Iran denounces UN nuclear freeze demand
Hasan Rowhani, Iran’s top nuclear negotiator, also said his country would limit its co-operation with the International Atomic Energy Agency if the watchdog refers Iran to the UN Security Council for possible sanctions.
Mr Rowhani spoke a day after the agency’s governing board demanded Iran freeze all work on uranium enrichment and said it would judge Tehran’s compliance in two months.
“This demand is not legal and does not put any obligation on Iran. The IAEA board of governors has no right to make such a suspension obligatory for any country,” he said at a news conference.
The Iranian official said his country would continue with its voluntary suspension of what he described as “actual enrichment”; the injection of uranium gas into centrifuges.
But he indicated that related activities, such as production, assembly and testing of centrifuges, were likely to continue.
“We are committed to the suspension of actual enrichment but we have no decision to expand the suspension,” he said.
Iran is not prohibited from enrichment under its obligations to the Nuclear Nonproliferation Treaty. But it has for months faced international pressure to suspend such activities as a good-faith gesture.
The United States insists the 35-member board must refer Iran to the Security Council when it meets again on November 25 if Tehran doesn’t comply.
However, Iran rejects this, saying it is only in pursuit of energy.
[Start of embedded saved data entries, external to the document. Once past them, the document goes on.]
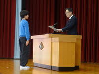 修了証授与があり、校長先生のお話では、今年は去年より欠席が少なく、大きなけがや事故が無く無事に修了式を迎えられたことが大変嬉しかったことと各学年の1年間の頑張りについて具体的に話されました。最後に春休みの宿題として「始業式には、よし、頑張るぞ!という気持ちをもってきてください」とお話しされ、子供たちは心のメモ帳にしっかりと書き込んでいました。次に生徒指導担当より春休みを迎えるにあたってのお話がありました。その中で「はるやすみ」の頭文字をとって、充実した生活を送るうえでの約束を確認しました。春休みは、1年を振り返り自分の課題を見付け、新しい学年にステップアップしていく準備をする時間にしてほしいものです。始業式で元気な北部っ子に会えるのが楽しみです。
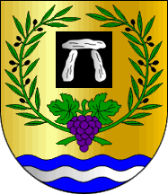 The olive branches stand for oliviculture, the grape bunch stands for viticulure, the waves refer to the Tedo River, which constitutes the commune´s western boundary, and the dolmen stands, surprisingly, not for any specific local pre-historic megalithic monument but rather generically for the commune´s history, "of which many traces remain, namely from the Roman period".
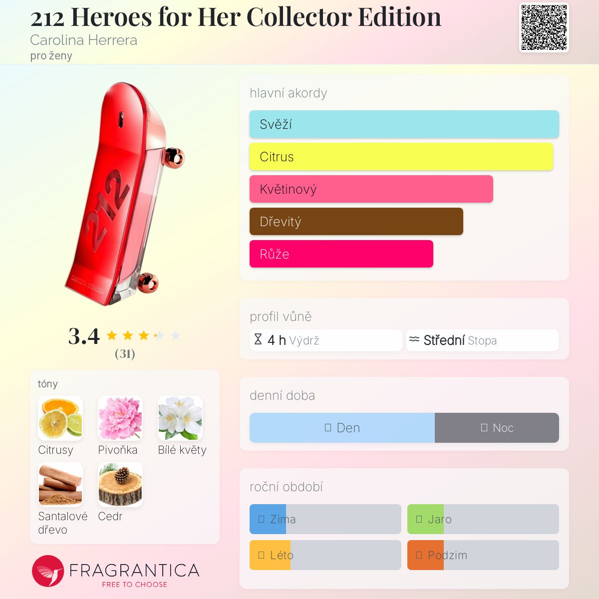 212 Heroes for Her Collector Edition podle Carolina Herrera je Floral Fruity vůně pro ženy. 212 Heroes for Her Collector Edition byl/a uveden/a v roce 2023. Vrchní tón je Citrusy ; střední tóny jsouPivoňka a Bílé květy ; základní tóny jsou Santalové dřevo a Cedr.

“There is no justification to refer Iran’s nuclear dossier to the Security Council,” Mr Rowhani said. “If one day they refer Iran’s nuclear dossier to the UN Security Council, that day ... Iran will stop implementing the additional protocol and will limit its cooperation with the IAEA.”
Iran has agreed to unfettered inspections of its nuclear facilities under an addition to the Nuclear Nonproliferation Treaty.
The IAEA board unanimously approved a toughly worded resolution on Saturday saying it “considers it necessary” that Iran suspend all uranium enrichment and related programs.
Approval of the resolution followed days of backdoor negotiations and resistance by nonaligned countries who saw their own right to enrichment threatened.